My Mac's HD crashed. I got a new one. 
How do I take the contacts on my iPhone and migrate them to my essentially new Mac?

Thanks!


----------



## SGilbert (Oct 16, 2008)

Once you sync your iPhone with iTunes on the new HD, all your contacts will be in Address Book.


----------



## fryke (Oct 17, 2008)

Are you sure? I thought it'd simply overwrite the iPhone's address book with the one in the Mac.


----------



## SGilbert (Oct 17, 2008)

I have found, unofficially, that neither has priority.

A delete on one will delete on the other; an addition or correction on one will change the other.  

Since the "new" Mac HD never had any info, I would HOPE the iPhone info will transfer to the Mac.  A backup 1st would be highly advised.

Let us know the results.


----------



## sinayi (Jan 14, 2011)

Go to Settings, Mail, and then scan through all your accounts and make sure that the contacts switch is turned OFF for each mail account. 

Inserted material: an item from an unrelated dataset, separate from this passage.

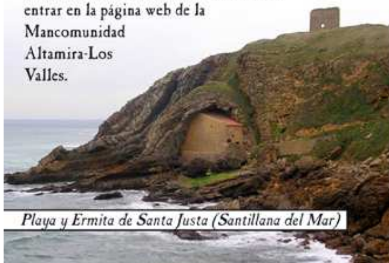
Playa y Ermita de Santa Justa (Santillana del Mar)

Aparte de estas tres rutas existen en la mancomunidad otras nueve. Para más información entrar en la página web de la Mancomunidad Altamira-Los Valles.

I believe this setting overrides the address book sync with instructions to sync with mail. So once you switch it off, the address book on your mac should automatically start syncing with your iphone. 

hopefully this works for all of you like it just worked for me!


----------



## sansan003 (Jan 23, 2011)

I had encountered the same question before, thank you guys to share your experience.


----------